Step 2: Edit config file & run with Snakemake.

snakemake --configfile config.json --cores $nb_cores

Configuration :

inside the config.json you find all the parameters:

Mandatory parameters :

mode: can be either "index" or "table".

"index": Use this when running the pipeline for the first time to build the indexes. "table": Use this if the STAR and Minimap2 indexes already exist, and you only need to generate the table.
input_file: Path to the file containing sequences to annotate (supports tsv/csv, gzipped or uncompressed). Example in (data/input_file.tsv)
map_to: Name of the organism to which the tool will map your sequences.
reference: Path to the fasta.gz file used to build the index for the specified organism. Example for test reference
annotation: Path to the gtf.gz file used to build the index for the specified organism. Example for test annotation
preset: (Default : "map-ont") Adjusts internal parameters of Minimap2 (e.g., k-mer size, scoring schemes, alignment heuristics) to optimize performance and accuracy for specific data types, you can find other presets here.
minimap2_index: Path to the pre-built Minimap2 index for the organism, if previously created. if "index" mode, add ""
star_index: Path to the pre-built STAR index for the organism, if previously created. if "index" mode, add ""

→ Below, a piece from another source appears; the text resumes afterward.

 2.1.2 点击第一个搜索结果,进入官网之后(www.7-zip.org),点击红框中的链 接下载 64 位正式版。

The preset used for index building must be consistent. Some presets may not provide information about chimeric reads. In such cases, you may need to build the index again using a different preset.

*About the GTF

Only the "exon" features of the GTF file will be used. In order for the program to run properly, the mandatory attributes (column 9) are : "gene_id", "transcript_id", "gene_type".

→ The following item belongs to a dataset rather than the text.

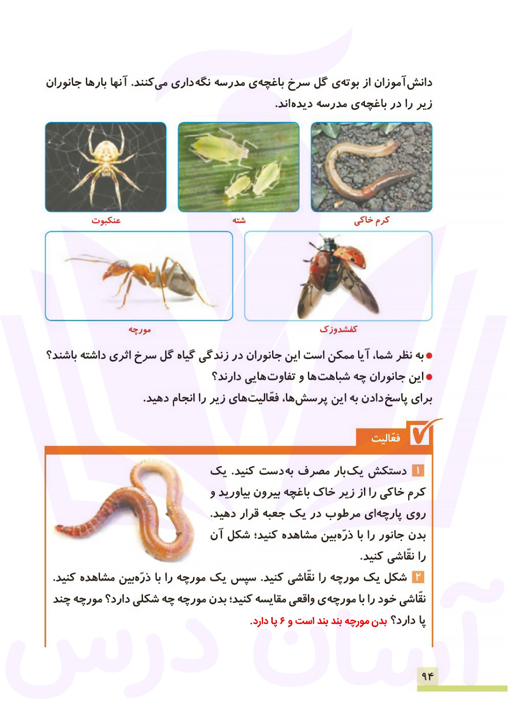 علوم چهارم : پاسخ سوالات صفحه ۹۴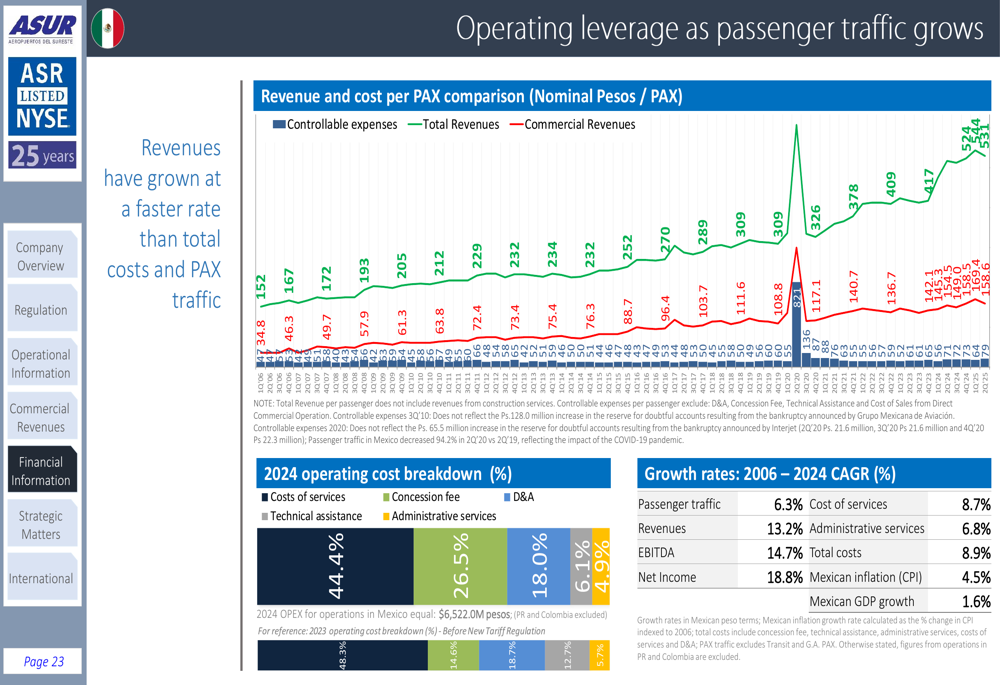Financial performance remains strong, with 2024 total revenues reaching Ps.20,972 million and revenue per passenger at Ps.506.3. The company maintains a healthy balance between aeronautical revenues (66.4%) and non-aeronautical revenues (33.6%), with Cancún Airport generating nearly 80% of total revenue.

Optionnal parameters (and default values) :

sequence_col: (Default :"contig"). Name of the column in input file containing the sequences to annotate.
id_col: (Default:"tag"). Name of the column in input file containing the unique identifier of the sequence.
output_dir: (Default:"./output"). Path to where the results will be generated.
keep_col: (Default:"all"). Either "all" or a list of column names you want to keep from the input file.
library_type: (Default:"rf"). Strandedness: "rf", "fr" or "unstranded".
supp_map_to: (Default:[""]). List of supplementary reference names you want to map your sequences to, with no further information (using blast).
supp_map_to_fasta: For each reference in supp_map_to, path to its fasta sequence. An exemple of a typical fasta file you could use (Human repeats from Dfam) is available in data/.

*About supplementary alignment

Any amount of supplementary alignment columns can be added to the output. For each supplementary reference provided, a single column will be added at the end of the output file specifying where the annotated sequence was aligned on this reference.

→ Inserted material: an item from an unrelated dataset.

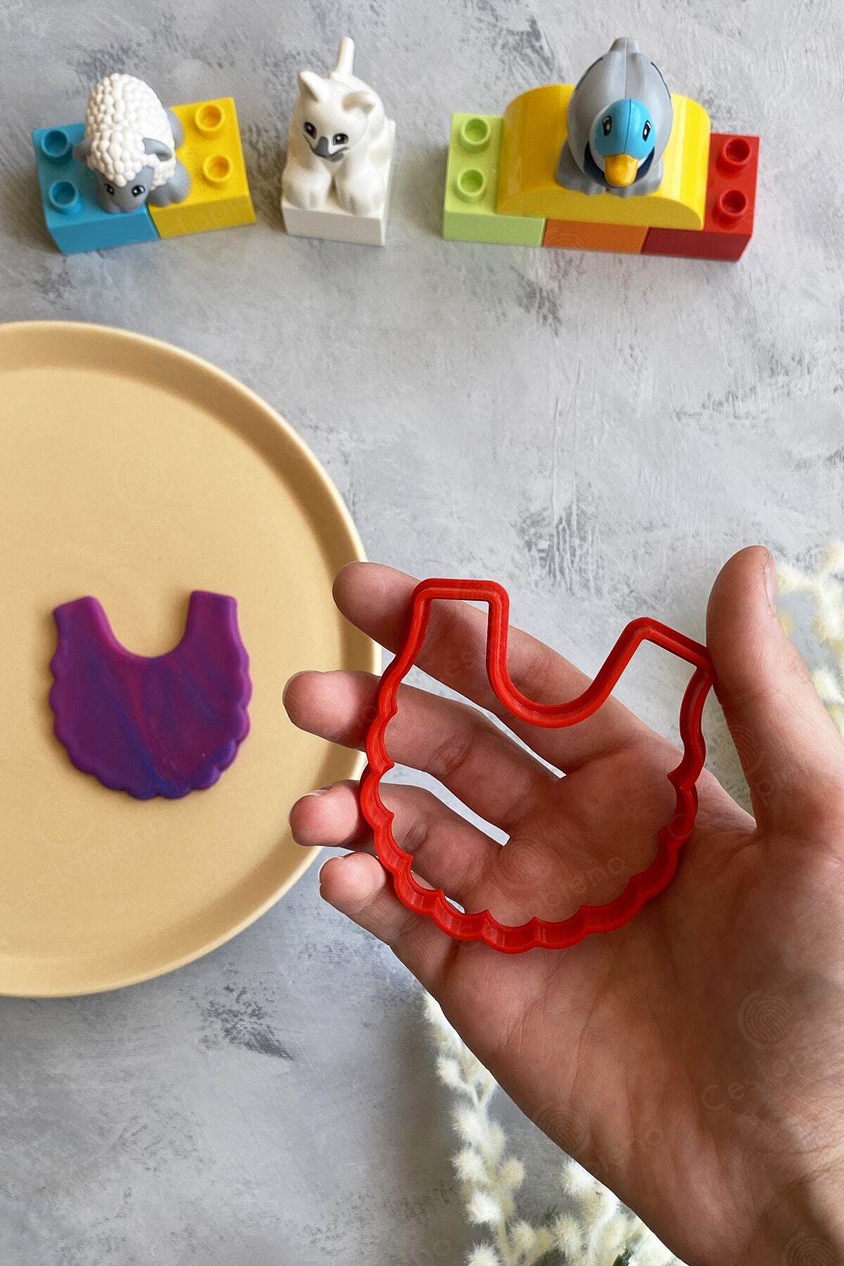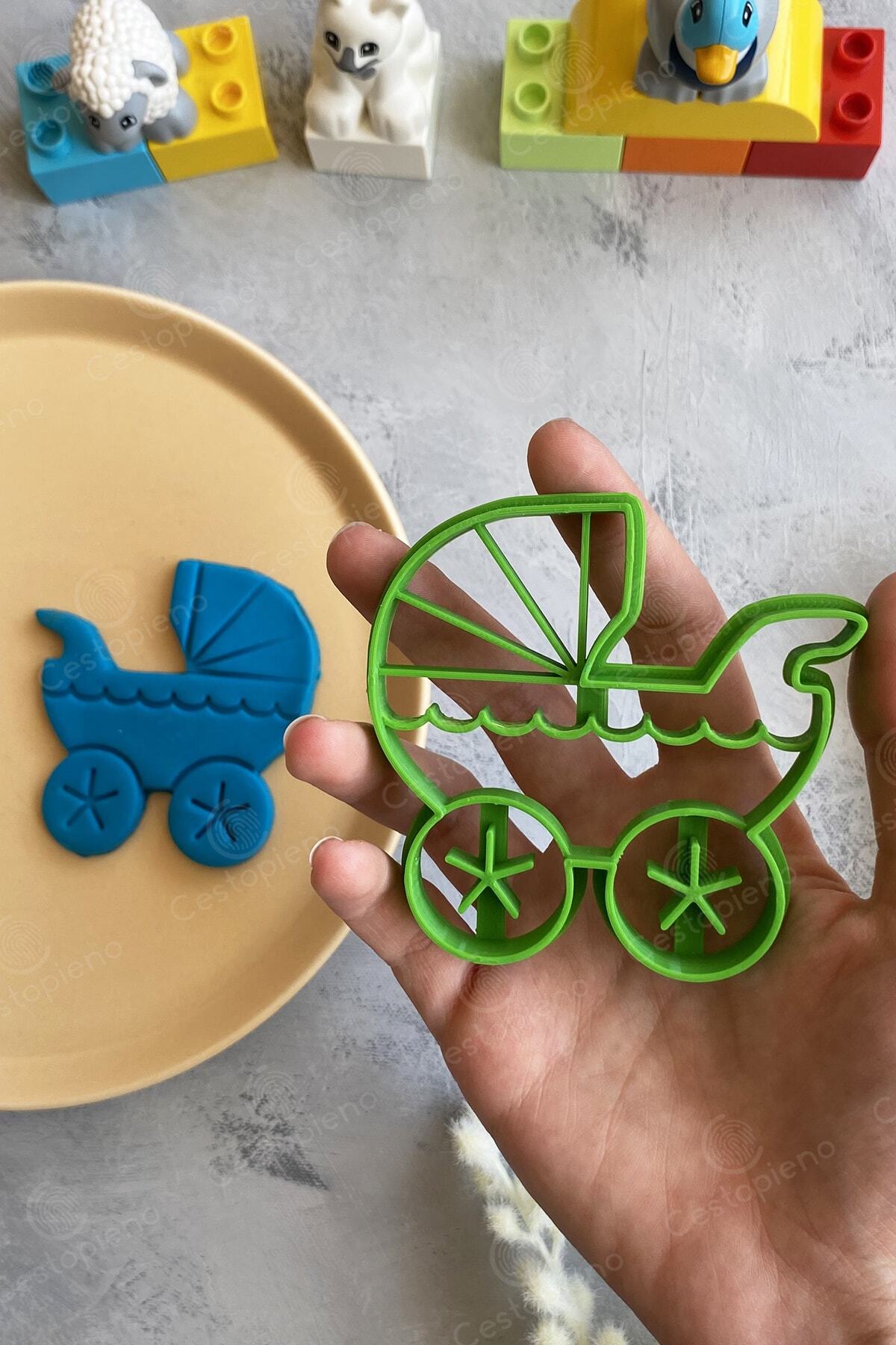 Bodysuit, Orange Color, 8x9 cm in size. Apron, Red Color, 7x7 cm in size. Crib, Gray Color, 6x8 cm in size. Overalls, Yellow Color, 8x9 cm in size. Feeding Bottle, Green Color, 4x8 cm in size. Baby Stroller, Green color, 8x8 cm in size. It should not be exposed to temperatures above 50 degrees. It should not be washed in the machine. Wash by hand. It is produced with Bioplastic raw material, which can be dissolved in nature in a short time. Suitable for use with Cookie Dough, Sugar Dough, Play Dough and Ceramic Dough.

Example: with a reference of human repeats provided in this repository (data/human_repeat_ref.fasta):

"supp_map_to":["HumanRepeats"],
"supp_map_to_fasta" : ["/home/Documents/Annotate-contigs/data/human_repeat_ref.fasta"],

Example with Multiple References: If you have two supplementary references, e.g., human repeats and viral elements, the configuration would look like this:

"supp_map_to": ["HumanRepeats", "ViralElements"],
"supp_map_to_fasta": ["/home/Documents/Annotate-contigs/data/human_repeat_ref.fasta","/home/Documents/Annotate-contigs/data/viral_elements_ref.fasta" ]

Output file

Table merged_annotation.tsv, summarizing for each contig, its location on the genome (if it's aligned), the sequence alignment informations, and other optionnal alignment informations.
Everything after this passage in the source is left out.